On May 21, 2008, High Plains Broadcasting agreed to purchase the license assets of WTEV and six other stations from Newport Television due to ownership conflicts in the affected markets (including Jacksonville). However, since this particular transaction was conducted as a sale in name only, Newport continued to operate the stations under a shared services agreement (therefore, resulting in WTEV remaining a sister outlet to WAWS) after the sale was completed on September 15. It effectively made High Plains Broadcasting a front company or "shell corporation" for Newport Television, similar to the existing relationships between the Nexstar Broadcasting Group and Mission Broadcasting and the Sinclair Broadcast Group and Cunningham Broadcasting. This arrangement also placed WAWS in the unusual position of being the senior partner as a Fox-affiliated station in a virtual duopoly with a CBS affiliate (the Fox station normally serves as the junior partner in most virtual or legal duopolies involving a Fox affiliate and a Big Three-affiliated station). WAWS is the only television station in the Jacksonville market that has never changed its primary network affiliation.

Cox Media Group ownership
On July 19, 2012, Newport Television announced the sale of WAWS and WTEV-TV to the Cox Media Group, in a four-station deal that also involved the sister duopoly of Fox affiliate KOKI-TV and MyNetworkTV affiliate KMYT-TV in Tulsa, Oklahoma. The sale to Cox placed WAWS and WTEV under common ownership with the company's radio station cluster in Jacksonville (WOKV (690 AM and 106.5 FM, now WXXJ), WFYV-FM (104.5, now WOKV-FM), WJGL (96.9), WXXJ (102.9, now WEZI) and WAPE-FM (95.1)) as well as Cox's Orlando duopoly of ABC affiliate WFTV and independent station WRDQ. Due to the very same rules that forced the license of WTEV to be transferred to a separate licensee back in 2008, Cox acquired WAWS outright and transferred WTEV's license assets to Bayshore Television, LLC, which then entered into a joint sales agreement with Cox. The FCC approved the transaction on October 24, and the three companies involved finalized the deal on December 3.

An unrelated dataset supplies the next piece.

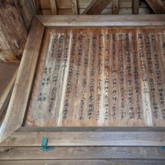 奥土居神社の拝殿には、由緒が記された社伝が掲げられていましたので、ご紹介します。

On August 26, 2014, Cox announced its intention to change WAWS' call letters to WFOX-TV, contingent on FCC approval, through a request made to the agency on July 30. In an email to The Florida Times-Union, general manager Jim Zerwekh stated that the change would better reflect the station's status as one of Fox's ten strongest affiliates. The use of the callsign differs from other stations that incorporate their network partner's name into their call letters—a usage originated by the coastal flagship owned-and-operated stations of ABC, NBC and CBS based in New York City and Los Angeles. However, the WFOX calls were not used by Fox for its O&O in New York City, which bears the calls WNYW, partly derived from the former WNEW callsign it had prior to former parent Metromedia's 1986 purchase by the network's original parent company News Corporation. A similar situation exists with KFOX-TV in El Paso, Texas, which Cox owned from 1996 to 2013 (now owned by the Sinclair Broadcast Group), and had adopted those calls in 1994 as they were not already used by Fox's Los Angeles O&O, which uses its legacy KTTV callsign. Concurrently with the change to WFOX-TV, sister station WTEV-TV was renamed WJAX-TV. The change took effect on September 7, 2014.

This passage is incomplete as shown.